(SUPPLIED INFORMATION begins)
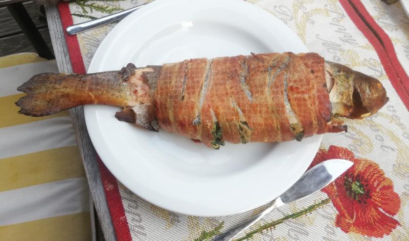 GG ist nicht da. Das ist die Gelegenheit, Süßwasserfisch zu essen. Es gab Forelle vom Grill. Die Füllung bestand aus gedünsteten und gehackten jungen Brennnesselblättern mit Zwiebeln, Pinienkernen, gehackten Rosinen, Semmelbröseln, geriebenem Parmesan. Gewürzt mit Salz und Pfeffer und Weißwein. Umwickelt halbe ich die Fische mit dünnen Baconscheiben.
(SUPPLIED INFORMATION ends)
(SUPPLIED INFORMATION begins)
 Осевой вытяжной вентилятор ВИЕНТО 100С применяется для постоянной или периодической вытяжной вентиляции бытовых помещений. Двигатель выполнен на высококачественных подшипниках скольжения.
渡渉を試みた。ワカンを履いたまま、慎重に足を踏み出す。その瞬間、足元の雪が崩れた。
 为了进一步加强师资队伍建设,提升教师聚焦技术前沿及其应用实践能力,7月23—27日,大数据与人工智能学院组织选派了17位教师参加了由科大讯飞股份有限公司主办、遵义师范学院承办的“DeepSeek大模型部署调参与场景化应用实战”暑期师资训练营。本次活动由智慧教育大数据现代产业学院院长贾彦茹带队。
(SUPPLIED INFORMATION ends)
(SUPPLIED INFORMATION begins)
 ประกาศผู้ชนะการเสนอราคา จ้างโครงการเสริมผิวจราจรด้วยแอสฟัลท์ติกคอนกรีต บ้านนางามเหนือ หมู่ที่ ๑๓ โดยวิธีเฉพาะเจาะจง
(SUPPLIED INFORMATION ends)
> [PROBLEM DESCRIPTION]
Word for word, restate the lines of the listing above starting at the line with "Осевой вытяжной вентилятор" and ending at the line with "为了进一步加强师资队伍建设,提升教师聚焦", and nothing outside them.

> [WRITTEN RESPONSE]
 Осевой вытяжной вентилятор ВИЕНТО 100С применяется для постоянной или периодической вытяжной вентиляции бытовых помещений. Двигатель выполнен на высококачественных подшипниках скольжения.
渡渉を試みた。ワカンを履いたまま、慎重に足を踏み出す。その瞬間、足元の雪が崩れた。
 为了进一步加强师资队伍建设,提升教师聚焦技术前沿及其应用实践能力,7月23—27日,大数据与人工智能学院组织选派了17位教师参加了由科大讯飞股份有限公司主办、遵义师范学院承办的“DeepSeek大模型部署调参与场景化应用实战”暑期师资训练营。本次活动由智慧教育大数据现代产业学院院长贾彦茹带队。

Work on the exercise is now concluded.